▽
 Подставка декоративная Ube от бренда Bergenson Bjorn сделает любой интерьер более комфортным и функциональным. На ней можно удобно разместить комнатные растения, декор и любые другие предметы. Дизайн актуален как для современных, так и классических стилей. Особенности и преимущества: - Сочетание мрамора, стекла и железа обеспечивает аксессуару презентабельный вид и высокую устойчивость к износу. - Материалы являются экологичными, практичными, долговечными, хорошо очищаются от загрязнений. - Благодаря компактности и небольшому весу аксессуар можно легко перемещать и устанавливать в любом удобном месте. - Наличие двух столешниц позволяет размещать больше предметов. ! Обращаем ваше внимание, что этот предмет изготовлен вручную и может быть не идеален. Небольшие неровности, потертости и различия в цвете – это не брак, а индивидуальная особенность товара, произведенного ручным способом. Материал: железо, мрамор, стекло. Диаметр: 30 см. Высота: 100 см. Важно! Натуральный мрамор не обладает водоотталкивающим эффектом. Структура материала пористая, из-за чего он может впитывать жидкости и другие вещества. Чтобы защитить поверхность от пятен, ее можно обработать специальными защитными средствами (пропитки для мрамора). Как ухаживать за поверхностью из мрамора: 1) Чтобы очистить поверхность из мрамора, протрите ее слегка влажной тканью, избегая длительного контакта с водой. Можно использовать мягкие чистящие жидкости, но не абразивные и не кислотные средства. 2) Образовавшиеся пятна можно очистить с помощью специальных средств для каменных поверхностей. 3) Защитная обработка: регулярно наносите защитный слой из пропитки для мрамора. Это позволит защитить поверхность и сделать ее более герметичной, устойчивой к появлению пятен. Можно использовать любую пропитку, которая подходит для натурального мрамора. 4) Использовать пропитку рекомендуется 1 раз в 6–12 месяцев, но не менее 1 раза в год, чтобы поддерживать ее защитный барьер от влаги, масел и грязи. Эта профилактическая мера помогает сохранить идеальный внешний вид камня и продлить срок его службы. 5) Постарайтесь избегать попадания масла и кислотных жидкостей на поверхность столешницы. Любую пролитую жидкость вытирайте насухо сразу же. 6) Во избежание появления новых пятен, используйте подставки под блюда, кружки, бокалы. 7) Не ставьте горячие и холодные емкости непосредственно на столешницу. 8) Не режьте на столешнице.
△
▽
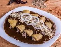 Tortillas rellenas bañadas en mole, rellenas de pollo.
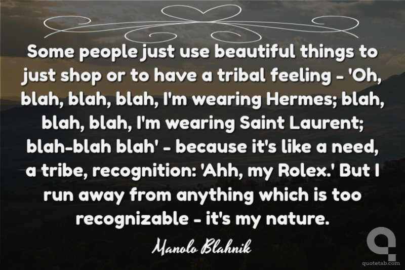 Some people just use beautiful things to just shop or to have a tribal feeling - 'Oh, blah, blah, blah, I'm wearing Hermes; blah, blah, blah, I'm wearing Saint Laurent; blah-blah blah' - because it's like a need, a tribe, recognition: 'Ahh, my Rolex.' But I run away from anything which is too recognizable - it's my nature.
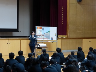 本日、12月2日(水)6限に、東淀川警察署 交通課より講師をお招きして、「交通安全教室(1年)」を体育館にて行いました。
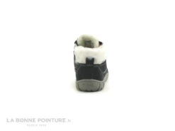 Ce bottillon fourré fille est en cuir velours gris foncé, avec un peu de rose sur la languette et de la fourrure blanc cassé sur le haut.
△
▽
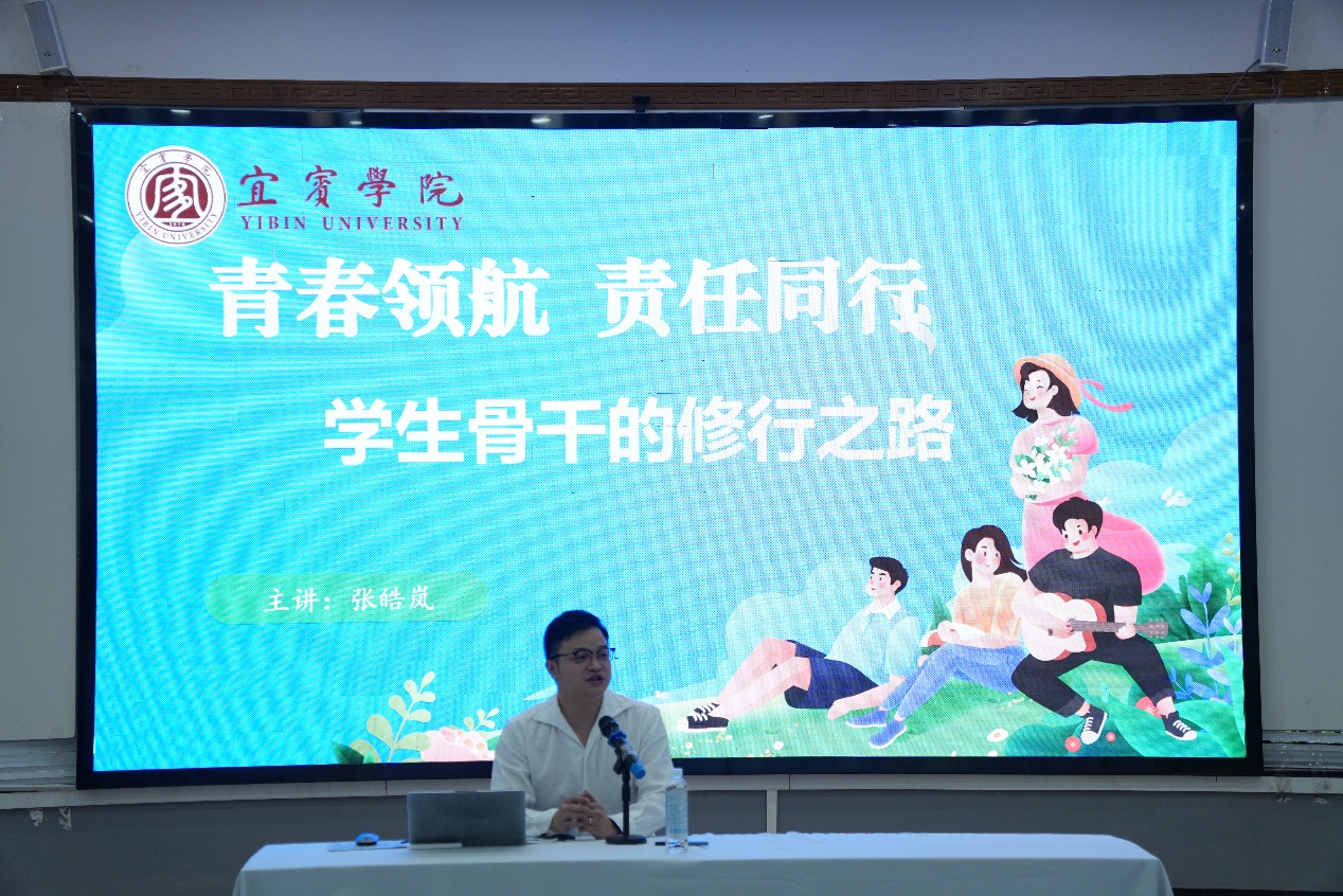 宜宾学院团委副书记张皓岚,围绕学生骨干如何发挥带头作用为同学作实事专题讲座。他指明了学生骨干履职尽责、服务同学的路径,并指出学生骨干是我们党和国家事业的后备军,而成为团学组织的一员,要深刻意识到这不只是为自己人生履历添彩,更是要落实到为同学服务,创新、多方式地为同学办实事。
△
[THE PROBLEM]
The data above holds the lines to copy: start at the one with "Some people just", stop at the one with "Ce bottillon fourré fille est", include both, copy them exactly without pictures, and copy nothing else.

[WRITTEN REPLY]
 Some people just use beautiful things to just shop or to have a tribal feeling - 'Oh, blah, blah, blah, I'm wearing Hermes; blah, blah, blah, I'm wearing Saint Laurent; blah-blah blah' - because it's like a need, a tribe, recognition: 'Ahh, my Rolex.' But I run away from anything which is too recognizable - it's my nature.
 本日、12月2日(水)6限に、東淀川警察署 交通課より講師をお招きして、「交通安全教室(1年)」を体育館にて行いました。
 Ce bottillon fourré fille est en cuir velours gris foncé, avec un peu de rose sur la languette et de la fourrure blanc cassé sur le haut.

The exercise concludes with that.